The crate is parser-agnostic: any type implementing SeqRecordLike
can be written into a dryice file, and records are read back as
borrowed slices with no per-record allocation. Sequence, quality, and
name encodings are selected via trait-based codec type parameters,
and users can implement their own codecs.

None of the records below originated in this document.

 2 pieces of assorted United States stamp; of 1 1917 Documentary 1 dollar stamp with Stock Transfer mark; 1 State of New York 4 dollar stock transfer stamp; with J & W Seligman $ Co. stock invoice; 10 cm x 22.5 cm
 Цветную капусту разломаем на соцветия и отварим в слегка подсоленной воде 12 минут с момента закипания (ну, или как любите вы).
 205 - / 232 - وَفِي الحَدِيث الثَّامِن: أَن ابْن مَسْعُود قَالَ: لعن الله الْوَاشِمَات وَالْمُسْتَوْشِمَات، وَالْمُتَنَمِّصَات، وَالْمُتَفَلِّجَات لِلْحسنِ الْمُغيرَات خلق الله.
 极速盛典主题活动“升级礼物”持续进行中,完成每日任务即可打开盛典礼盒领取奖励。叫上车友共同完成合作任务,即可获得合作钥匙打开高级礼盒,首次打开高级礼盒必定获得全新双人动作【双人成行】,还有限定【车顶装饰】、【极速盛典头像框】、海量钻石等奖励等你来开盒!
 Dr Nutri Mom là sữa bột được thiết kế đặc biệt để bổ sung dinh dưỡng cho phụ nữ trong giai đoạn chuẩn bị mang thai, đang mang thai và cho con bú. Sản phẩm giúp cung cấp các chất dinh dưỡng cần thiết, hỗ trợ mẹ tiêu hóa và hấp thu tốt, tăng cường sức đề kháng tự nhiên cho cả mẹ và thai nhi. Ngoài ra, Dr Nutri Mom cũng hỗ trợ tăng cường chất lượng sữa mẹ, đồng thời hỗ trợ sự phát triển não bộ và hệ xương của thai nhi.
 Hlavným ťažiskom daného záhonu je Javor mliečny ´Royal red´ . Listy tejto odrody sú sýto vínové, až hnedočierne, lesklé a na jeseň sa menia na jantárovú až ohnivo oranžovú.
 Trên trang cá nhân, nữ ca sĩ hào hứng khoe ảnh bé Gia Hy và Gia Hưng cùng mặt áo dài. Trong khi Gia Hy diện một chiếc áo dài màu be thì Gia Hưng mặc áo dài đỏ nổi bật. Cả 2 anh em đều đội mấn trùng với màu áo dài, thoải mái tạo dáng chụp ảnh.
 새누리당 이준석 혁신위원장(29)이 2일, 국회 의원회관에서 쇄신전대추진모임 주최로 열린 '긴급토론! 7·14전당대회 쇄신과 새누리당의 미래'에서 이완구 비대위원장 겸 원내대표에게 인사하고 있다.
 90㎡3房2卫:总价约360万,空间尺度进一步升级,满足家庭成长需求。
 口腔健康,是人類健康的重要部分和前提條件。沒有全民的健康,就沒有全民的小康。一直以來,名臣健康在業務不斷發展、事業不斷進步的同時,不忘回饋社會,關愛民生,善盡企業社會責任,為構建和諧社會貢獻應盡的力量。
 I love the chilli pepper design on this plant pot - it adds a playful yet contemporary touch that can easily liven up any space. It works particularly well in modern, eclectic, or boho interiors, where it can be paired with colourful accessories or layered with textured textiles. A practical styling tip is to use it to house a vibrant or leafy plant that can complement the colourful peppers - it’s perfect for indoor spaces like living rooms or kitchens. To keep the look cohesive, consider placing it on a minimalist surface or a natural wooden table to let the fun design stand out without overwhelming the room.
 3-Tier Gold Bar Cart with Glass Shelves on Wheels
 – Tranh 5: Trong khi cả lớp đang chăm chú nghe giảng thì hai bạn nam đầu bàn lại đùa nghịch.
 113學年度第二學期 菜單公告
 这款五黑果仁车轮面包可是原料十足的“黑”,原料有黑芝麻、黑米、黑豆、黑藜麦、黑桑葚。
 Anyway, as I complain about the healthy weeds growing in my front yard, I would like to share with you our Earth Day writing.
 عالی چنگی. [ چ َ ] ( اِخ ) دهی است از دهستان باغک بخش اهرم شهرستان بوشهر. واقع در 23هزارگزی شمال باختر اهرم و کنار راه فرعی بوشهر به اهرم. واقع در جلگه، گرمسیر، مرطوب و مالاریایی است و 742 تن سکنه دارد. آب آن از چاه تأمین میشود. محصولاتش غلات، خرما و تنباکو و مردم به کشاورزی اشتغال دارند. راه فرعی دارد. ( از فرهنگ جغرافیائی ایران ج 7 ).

§Writing records (default codecs)
use dryice::{DryIceWriter, SeqRecord, SeqRecordLike};
let mut buf = Vec::new();
let mut writer = DryIceWriter::builder()
.inner(&mut buf)
.build();
let record = SeqRecord::new(
b"read1".to_vec(),
b"ACGTACGT".to_vec(),
b"!!!!!!!!".to_vec(),
)?;
writer.write_record(&record)?;
writer.finish()?;§Writing with compact codecs
use dryice::{DryIceWriter, SeqRecord};
let mut buf = Vec::new();
let mut writer = DryIceWriter::builder()
.inner(&mut buf)
.two_bit_exact()
.binned_quality()
.split_names()
.target_block_records(4096)
.build();
let record = SeqRecord::new(
b"instrument:run:flowcell 1:N:0:ATCACG".to_vec(),
b"ACGTACGT".to_vec(),
b"!!!!!!!!".to_vec(),
)?;
writer.write_record(&record)?;
writer.finish()?;§Writing with record keys
use dryice::{Bytes8Key, DryIceWriter, SeqRecord};
let mut buf = Vec::new();
let mut writer = DryIceWriter::builder()
.inner(&mut buf)
.bytes8_key()
.build();
let record = SeqRecord::new(
b"read1".to_vec(),
b"ACGTACGT".to_vec(),
b"!!!!!!!!".to_vec(),
)?;
let key = Bytes8Key(*b"sortkey!");
writer.write_record_with_key(&record, &key)?;
writer.finish()?;§Writing key-only files with empty payload
use dryice::{Bytes16Key, DryIceWriter};
let mut buf = Vec::new();
let mut writer = DryIceWriter::builder()
.inner(&mut buf)
.bytes16_key()
.empty_payload()
.build();
writer.write_key_only(&Bytes16Key(*b"0000000000000001"))?;
writer.write_key_only(&Bytes16Key(*b"0000000000000002"))?;
writer.finish()?;§Writing minimizer keys with the builder conveniences
use dryice::{DefaultMinimizer64, DryIceWriter, SeqRecord};
let mut buf = Vec::new();
let mut writer = DryIceWriter::builder()
.inner(&mut buf)
.minimizers_with_sequences()
.build();
let record = SeqRecord::new(
b"read1".to_vec(),
b"ACGTGCTCAGAGACTCAGAGGATTACAGTTTACGTGCTCAGAGACTCAGAGGA".to_vec(),
vec![b'!'; 53],
)?;
if let Some(key) = DefaultMinimizer64::try_from_sequence(record.sequence())? {
writer.write_record_with_key(&record, &key)?;
}
writer.finish()?;§Reading records (zero-copy)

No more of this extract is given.